Give a verbatim copy of the lines below, minus the pictures.

**Collected data**
BEGIN

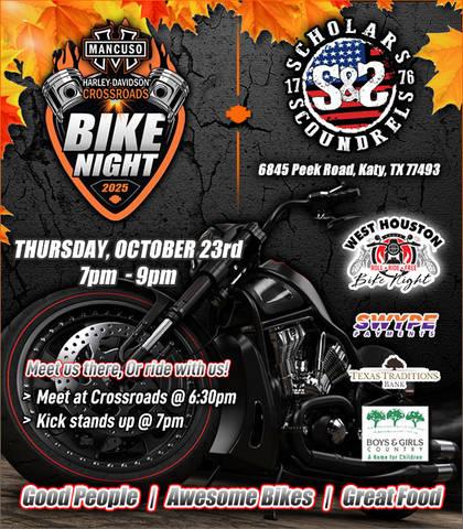Join us for Bike Night @ Scholdars & Scoundrels Katy with good people, awesome bikes and great food!
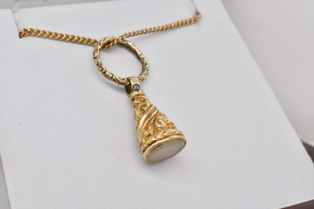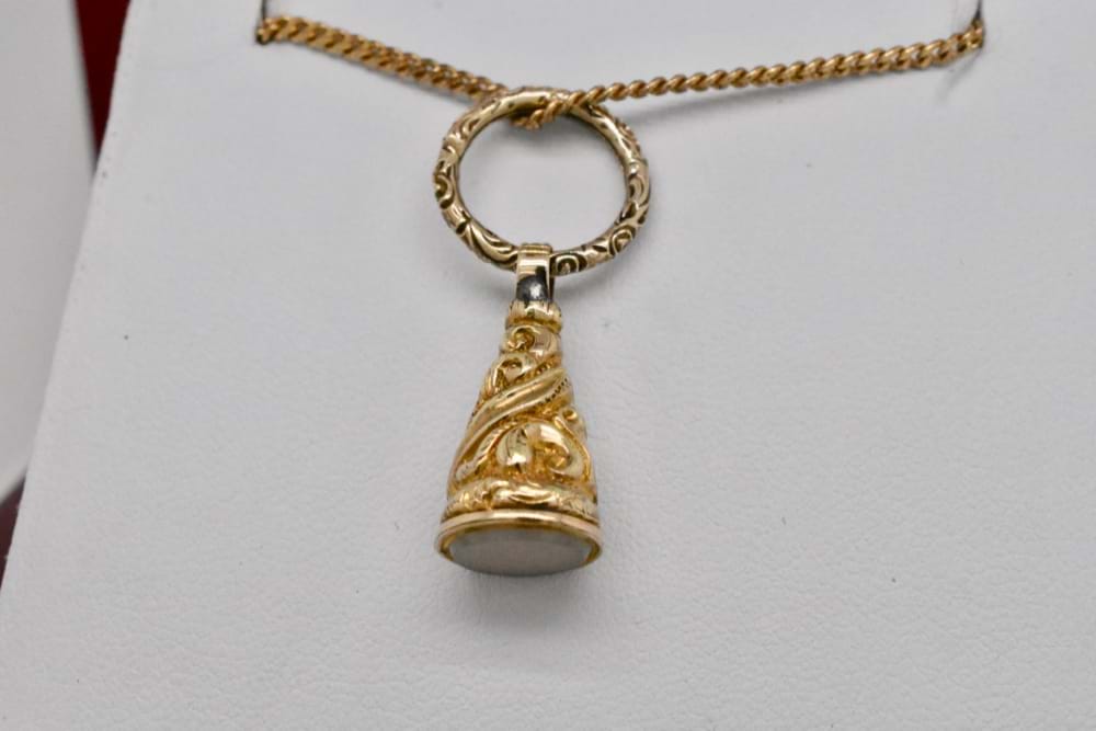 An adorable, gold cased, miniature seal with an even more rare antique split ring attached. Circa 1880
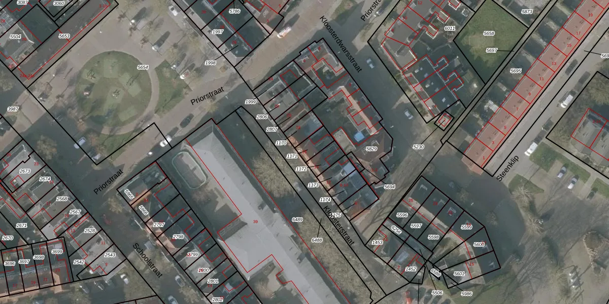 Kloosterstraat 16 is gelegen op kadastraal perceel SNE00A1171. Deze kadastrale aanduiding is uniek en wordt gebruikt door het Kadaster om eigendomsrechten en andere zakelijke rechten vast te leggen. Het perceel maakt onderdeel uit van de kadastrale gemeente Sneek.
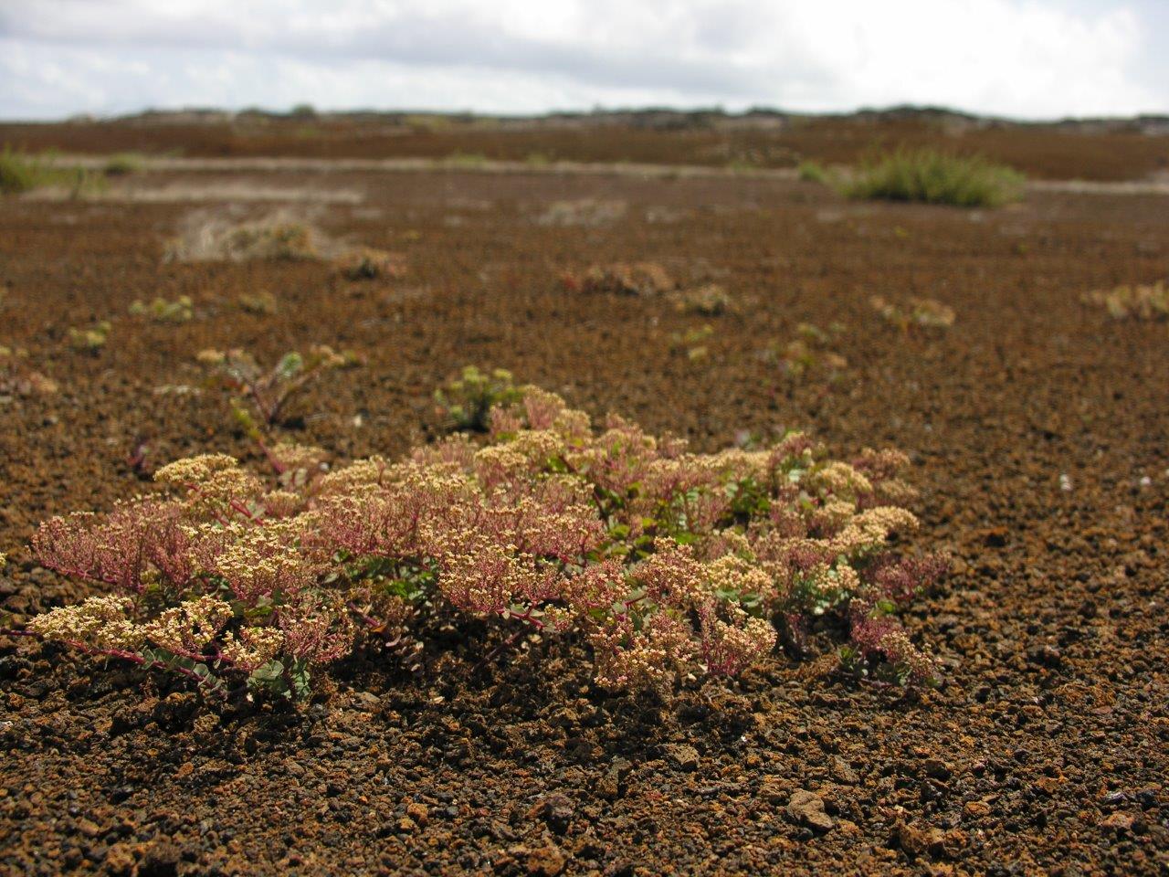 Several endemic plants are restricted to Green Mountain, and its slopes; these include the ferns Xiphopteris ascensionense, Marattia purpurascens, Asplenium ascensionis and Pteris adscensionis. In 2009, a once-thought extinct parsley fern Anogramma ascensionis was rediscovered here and efforts are being deployed to ensure its survival. The endangered tiny tussock-grass Sporobolus caespitosus also occurs here as well as in a few places on the northern and eastern slopes of coastal hills. The flowering endemic plant, Ascension spurge Euphorbia origanoides, also occurs here.
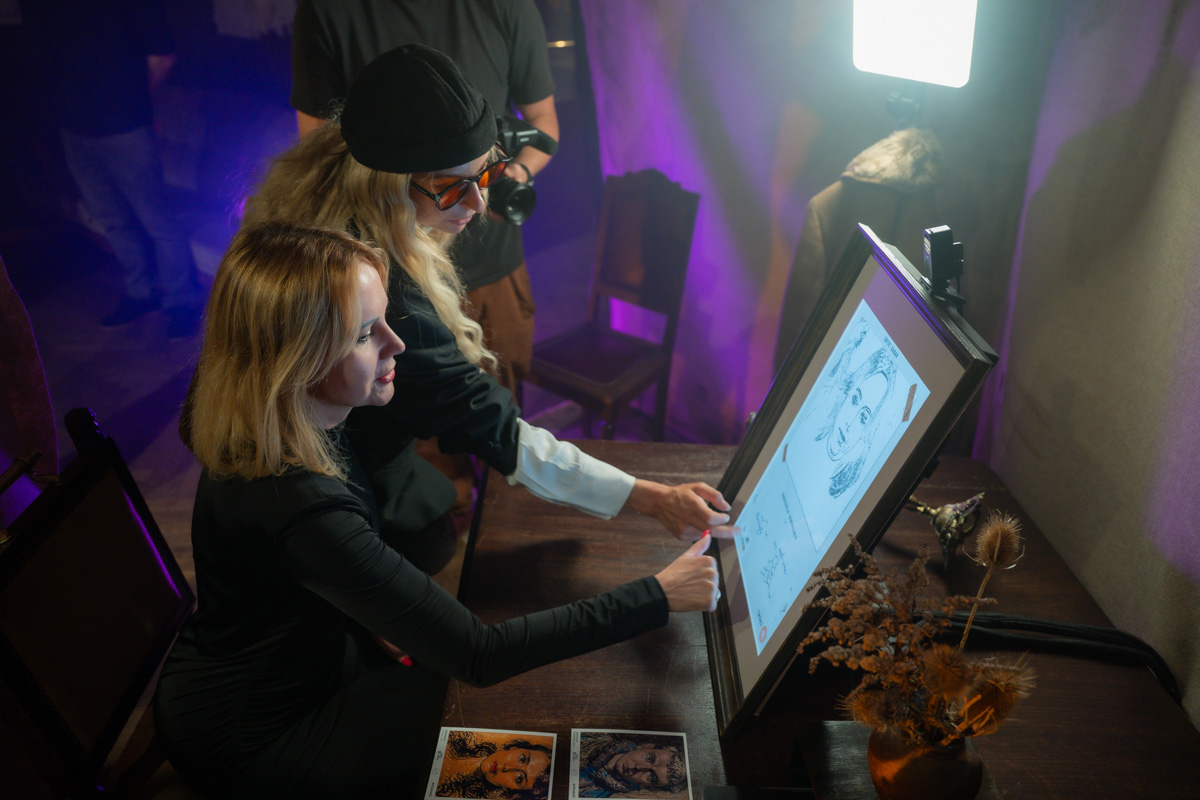 Jednym z najbardziej wyczekiwanych wydarzeń była "Firma Portretowa 2.0". Dzięki specjalnemu systemowi komputerowemu, każdy mógł usiąść przed kamerą i otrzymać własny portret w stylu Witkacego - przetworzony przez sztuczną inteligencję. Kolejka chętnych ustawiła się natychmiast, a wygenerowane obrazy stawały się czymś więcej niż pamiątką: były doświadczeniem, w którym uczestniczył sam widz.
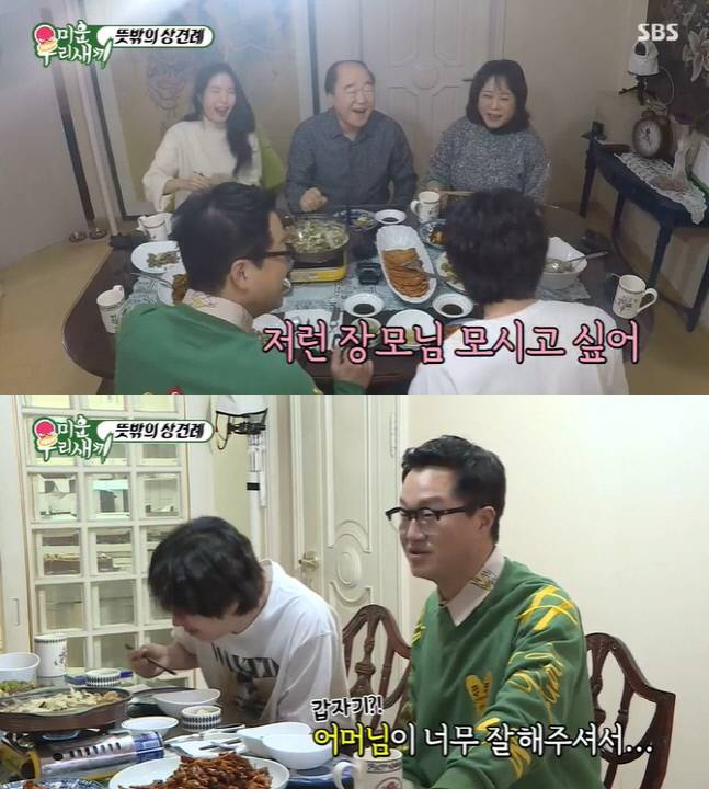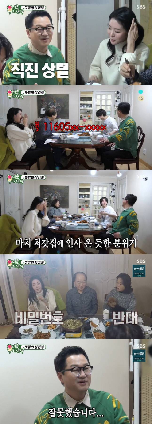 지상렬은 장광과 전성애의 마음에 들기 위해 노력했다. 급기야 집 비밀번호를 부모님께 공유하겠다고 말한 것. 이에 전성애는 “효자를 아내가 좋아할까?”라고 딴지 걸었다. 그러자 지상렬은 “잘못했습니다”라고 너스레를 떨었다.
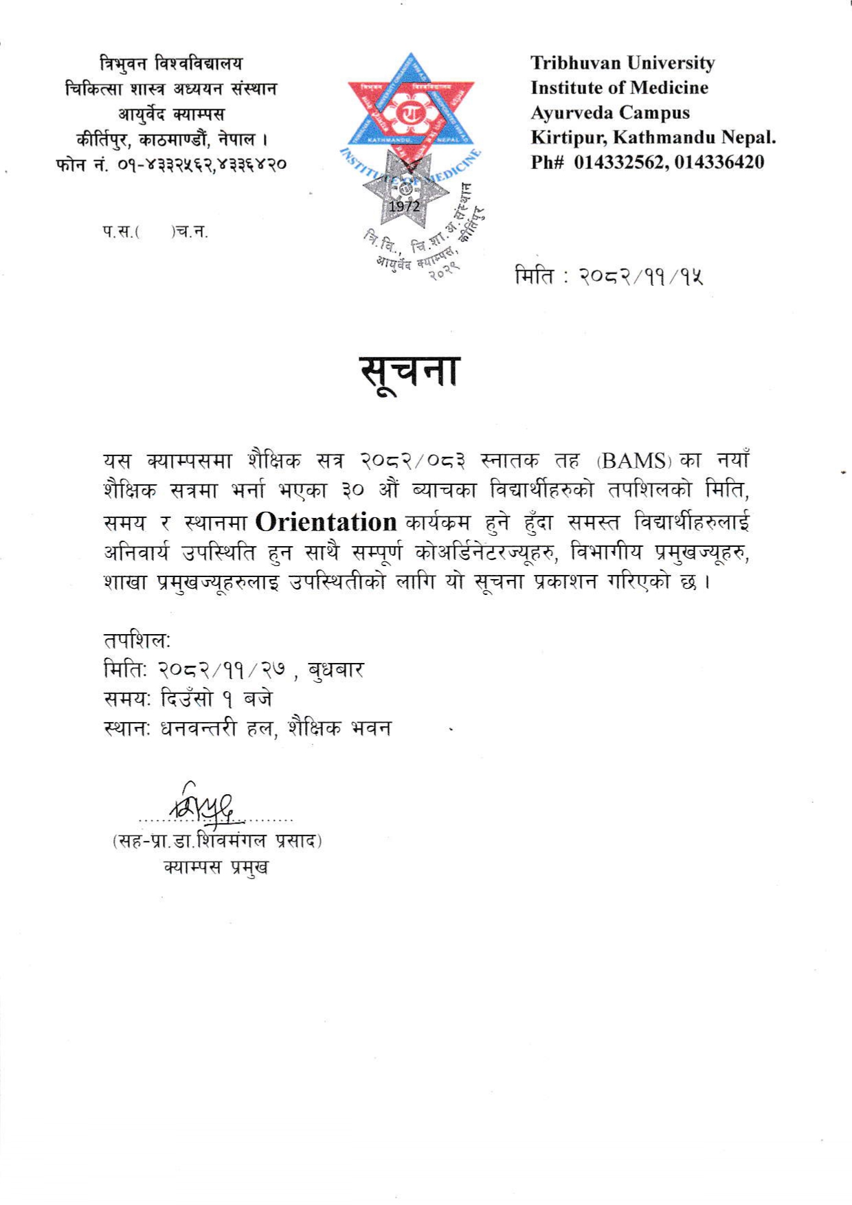 यस क्याम्पसमा शैक्षिक सत्र २०८२/०८३ स्नातक तह (BAMS) का नयाँ शैक्षिक सत्रमा भर्ना भएका ३० औं ब्याचका विद्यार्थीहरुको तपशिलको मिति, समय र स्थानमा Orientation कार्यकम हुने हुँदा समस्त विद्यार्थीहरुलाई अनिवार्य उपस्थिति हुन साथै सम्पूर्ण कोअर्डिनेटरज्यूहरु, विभागीय प्रमुखज्यूहरु, शाखा प्रमुखज्यूहरुलाइ उपस्थितीको लागि यो सूचना प्रकाशन गरिएको छ ।

END

**Final answer**
Join us for Bike Night @ Scholdars & Scoundrels Katy with good people, awesome bikes and great food!
 An adorable, gold cased, miniature seal with an even more rare antique split ring attached. Circa 1880
 Kloosterstraat 16 is gelegen op kadastraal perceel SNE00A1171. Deze kadastrale aanduiding is uniek en wordt gebruikt door het Kadaster om eigendomsrechten en andere zakelijke rechten vast te leggen. Het perceel maakt onderdeel uit van de kadastrale gemeente Sneek.
 Several endemic plants are restricted to Green Mountain, and its slopes; these include the ferns Xiphopteris ascensionense, Marattia purpurascens, Asplenium ascensionis and Pteris adscensionis. In 2009, a once-thought extinct parsley fern Anogramma ascensionis was rediscovered here and efforts are being deployed to ensure its survival. The endangered tiny tussock-grass Sporobolus caespitosus also occurs here as well as in a few places on the northern and eastern slopes of coastal hills. The flowering endemic plant, Ascension spurge Euphorbia origanoides, also occurs here.
 Jednym z najbardziej wyczekiwanych wydarzeń była "Firma Portretowa 2.0". Dzięki specjalnemu systemowi komputerowemu, każdy mógł usiąść przed kamerą i otrzymać własny portret w stylu Witkacego - przetworzony przez sztuczną inteligencję. Kolejka chętnych ustawiła się natychmiast, a wygenerowane obrazy stawały się czymś więcej niż pamiątką: były doświadczeniem, w którym uczestniczył sam widz.
 지상렬은 장광과 전성애의 마음에 들기 위해 노력했다. 급기야 집 비밀번호를 부모님께 공유하겠다고 말한 것. 이에 전성애는 “효자를 아내가 좋아할까?”라고 딴지 걸었다. 그러자 지상렬은 “잘못했습니다”라고 너스레를 떨었다.
 यस क्याम्पसमा शैक्षिक सत्र २०८२/०८३ स्नातक तह (BAMS) का नयाँ शैक्षिक सत्रमा भर्ना भएका ३० औं ब्याचका विद्यार्थीहरुको तपशिलको मिति, समय र स्थानमा Orientation कार्यकम हुने हुँदा समस्त विद्यार्थीहरुलाई अनिवार्य उपस्थिति हुन साथै सम्पूर्ण कोअर्डिनेटरज्यूहरु, विभागीय प्रमुखज्यूहरु, शाखा प्रमुखज्यूहरुलाइ उपस्थितीको लागि यो सूचना प्रकाशन गरिएको छ ।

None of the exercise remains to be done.